[Stored items]

____________________

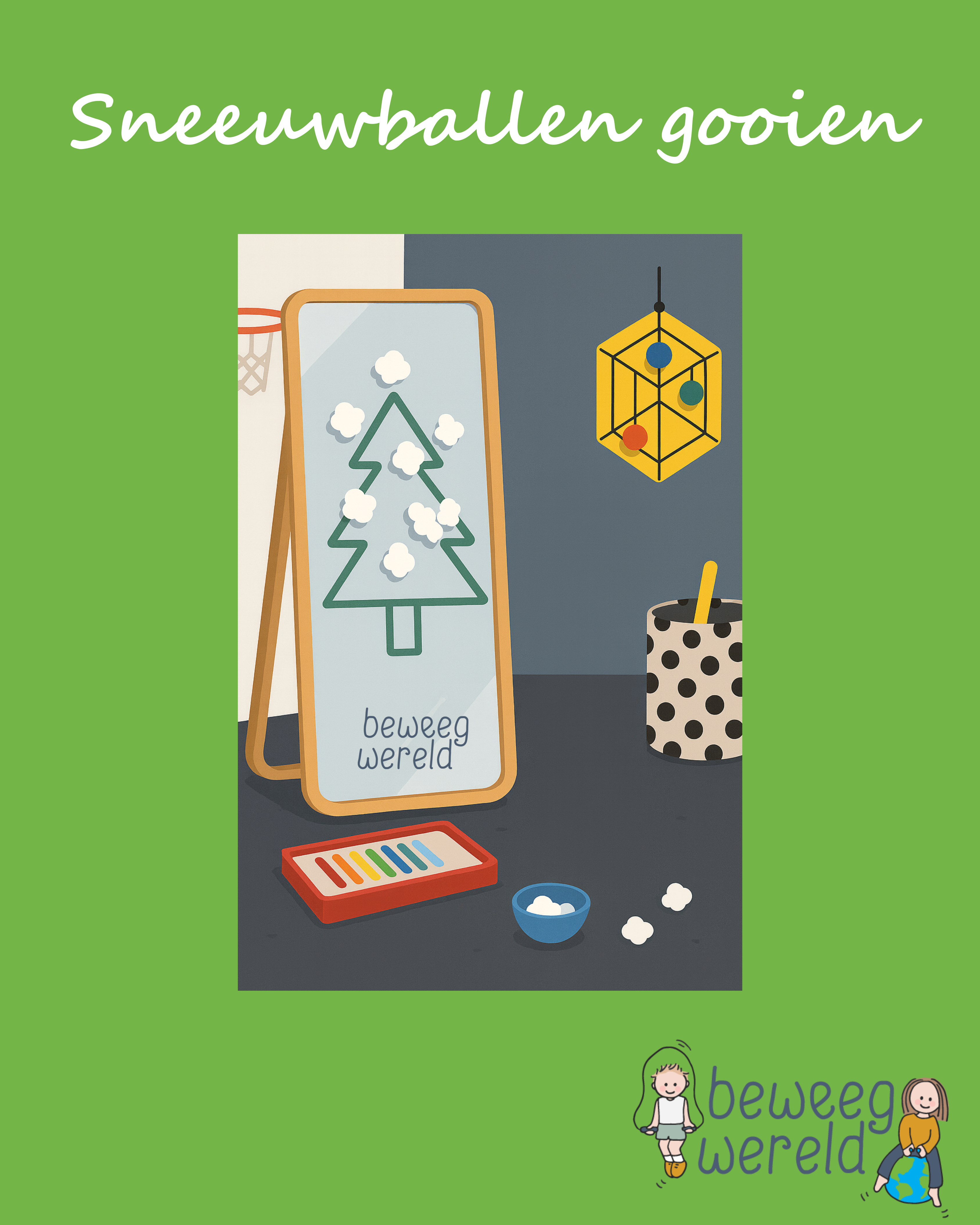 Teken met Stabilo Woody’s een grote kerstboom op een spiegel en laat kinderen natte watjes tegen de boom gooien. De watjes blijven plakken, wat zorgt voor een direct en zichtbaar resultaat. Deze activiteit stimuleert de oog-handcoördinatie, balvaardigheid en schouderstabiliteit. Bovendien is het een speelse manier om beweging toe te voegen, zelfs op koude winterdagen.
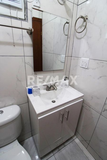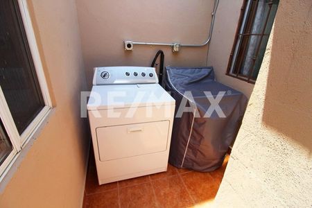Exterior cuenta con: Amplio almacén con medio baño y estantenteria y cajones para almacenar y colgar, área de lavado con lavadora y secadora, boiler eléctrico, loseta en patio trasero y pasillo, cochera eléctrica techada y con loseta para dos autos.
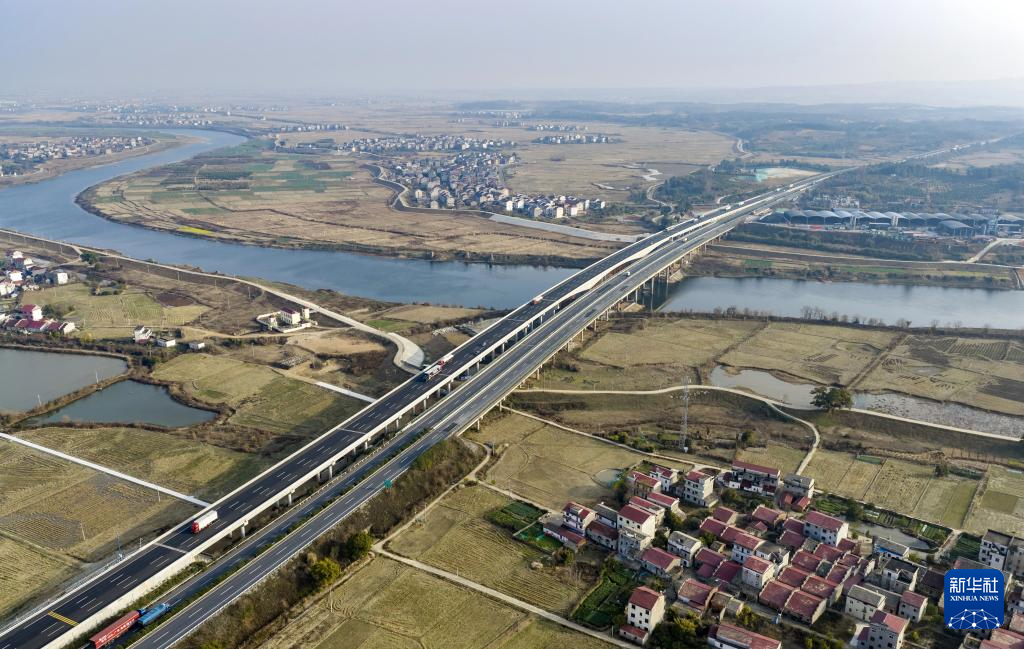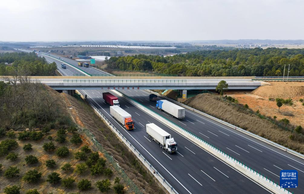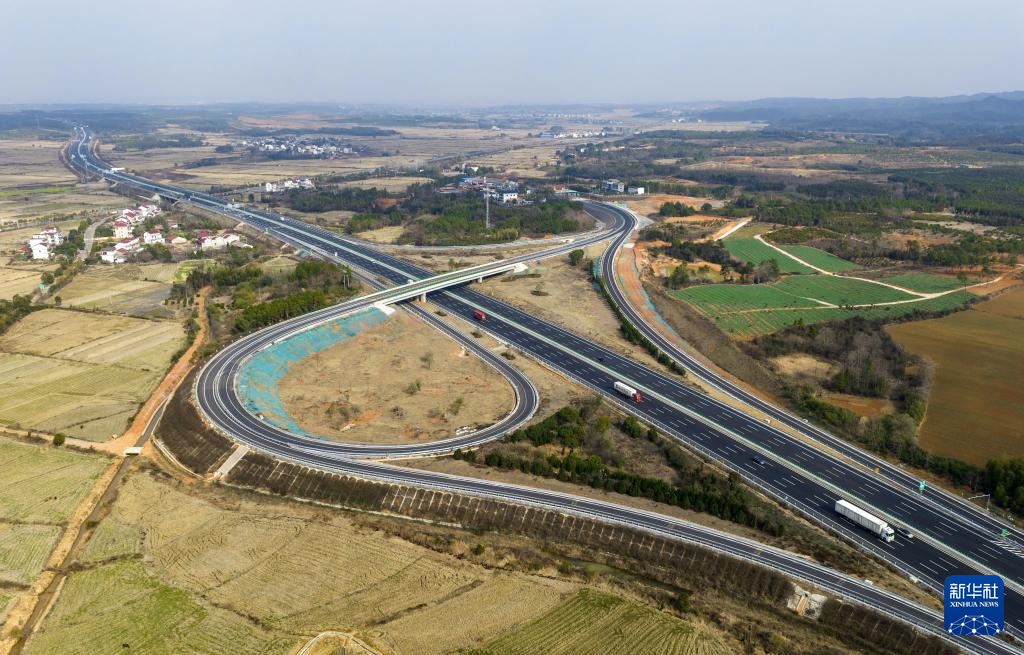 1月31日拍摄的江西樟树至吉安高速公路(无人机照片)。
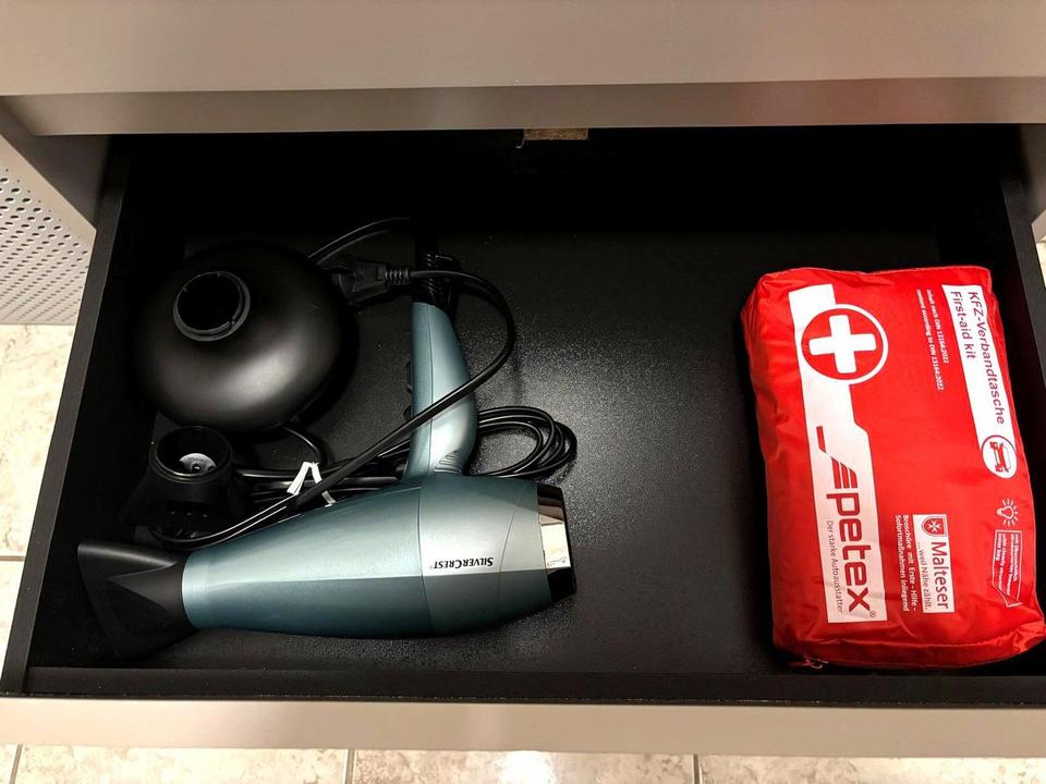 Bügeleisen, Bügelbrett, Staubsauger, Besen, Bodenwischer, Rauchmelder – alles vorhanden für eine sorgenfreie Nutzung
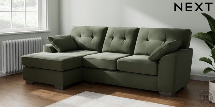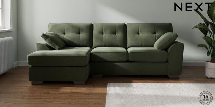 7.3.1 Buy Stamford Buttoned Back Medium Sofa Chaise - Left Hand Relaxed Linen Look Dark Green Large Square Angle - Gunmetal from the Seasons online shop Click here to use our website with more accessibility support, for example screen readers
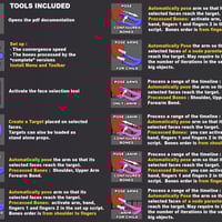 The autopose scripts come in four versions. The Basic version only poses the arm when a face is selected anywhere on the hand. The Complete versions can pose all or several of the arms areas you want including the arm and/or the hand and/or the first bone and/or the second bones of a finger, either ascending (from finger to collar) or descending (from collar to finger), as long as a face is selected on a fingertip. Finally, the Child version poses the arm so that the selected faces on an object parented to the hand reach the target.
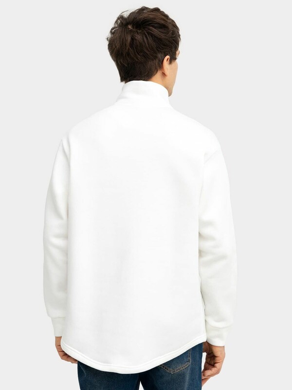 Горловина округлой формы с воротником стойкой из основного полотна. Шов втачивания горловины закрыт тесьмой хб.
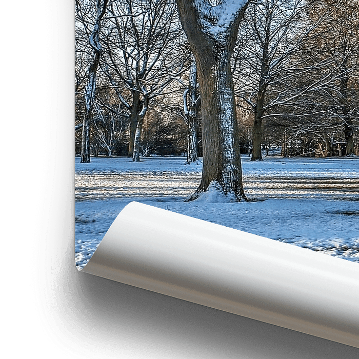 A wintery image from the park near the Euromast, also simply called The Park. There is snow on the meadow, the sky is blue, a tree appears to embrace the Euromast with its branches.
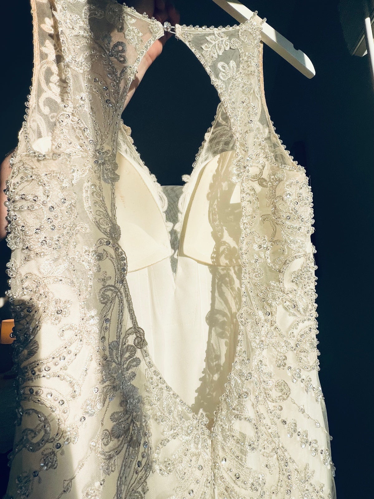 Originally purchased for $2249 at seng couture. Brand: Martin Thornburg. Listed as a size 12 but runs large (typically a size 8-10). Overall in good condition with some signs of wear: spray tan on inside lining of straps and back portion. Also some markings on the bottom lining of dress. Should come out with Dry cleaning. Very minor pulls in some areas. Signs of wear not noticeable when wearing dress.
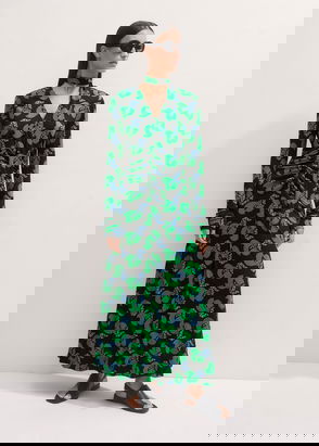 Crepe Birds Of Paradise Maxi Dress + Belt Navy/Clover Green/Blue
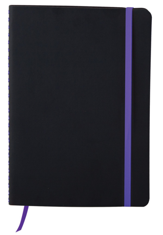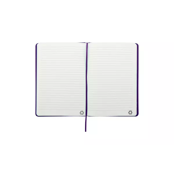 Бележник размер А5 с твърди корици от рециклирана еко кожа със 160 страници на редове от рециклирана хартия. С отметка в съответстващ цвят и ластик.
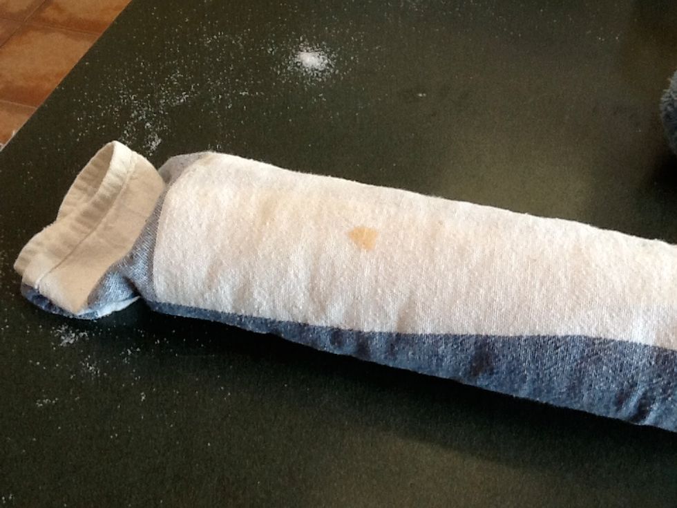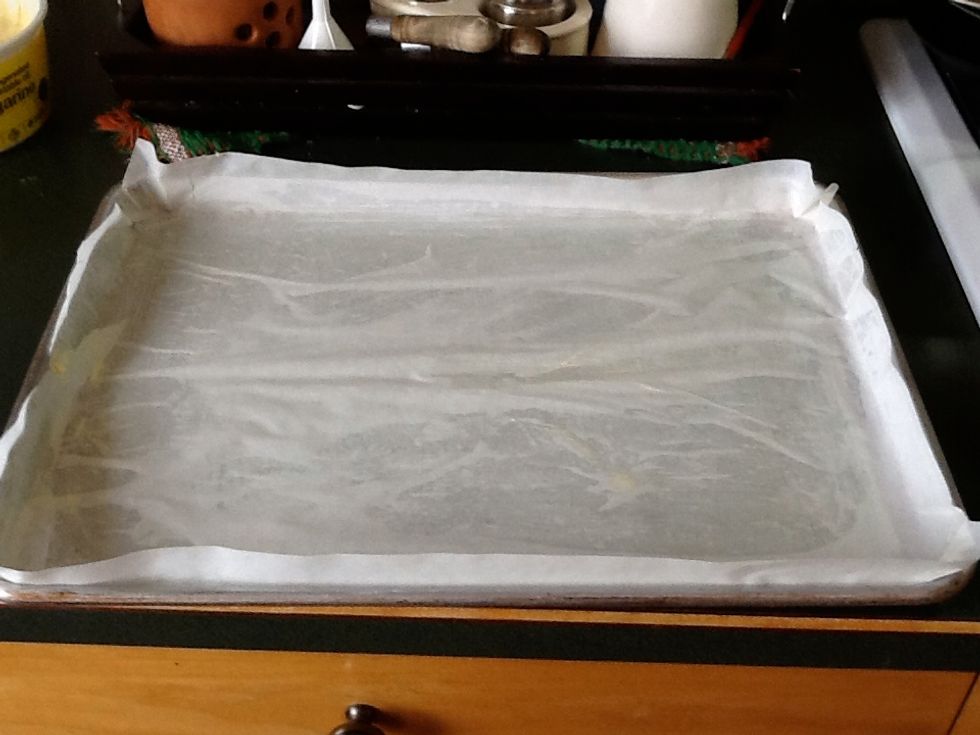 turn the tray on kitchen towel withe granulate sugar under take off the parchment paper out

____________________

■ **YOUR INSTRUCTIONS**
Begin at the first line of the data above and repeat each line exactly, stopping after the line containing "7.3.1 Buy Stamford". Omit the pictures.

■ **EXERCISE OUTPUT**
 Teken met Stabilo Woody’s een grote kerstboom op een spiegel en laat kinderen natte watjes tegen de boom gooien. De watjes blijven plakken, wat zorgt voor een direct en zichtbaar resultaat. Deze activiteit stimuleert de oog-handcoördinatie, balvaardigheid en schouderstabiliteit. Bovendien is het een speelse manier om beweging toe te voegen, zelfs op koude winterdagen.
Exterior cuenta con: Amplio almacén con medio baño y estantenteria y cajones para almacenar y colgar, área de lavado con lavadora y secadora, boiler eléctrico, loseta en patio trasero y pasillo, cochera eléctrica techada y con loseta para dos autos.
 1月31日拍摄的江西樟树至吉安高速公路(无人机照片)。
 Bügeleisen, Bügelbrett, Staubsauger, Besen, Bodenwischer, Rauchmelder – alles vorhanden für eine sorgenfreie Nutzung
 7.3.1 Buy Stamford Buttoned Back Medium Sofa Chaise - Left Hand Relaxed Linen Look Dark Green Large Square Angle - Gunmetal from the Seasons online shop Click here to use our website with more accessibility support, for example screen readers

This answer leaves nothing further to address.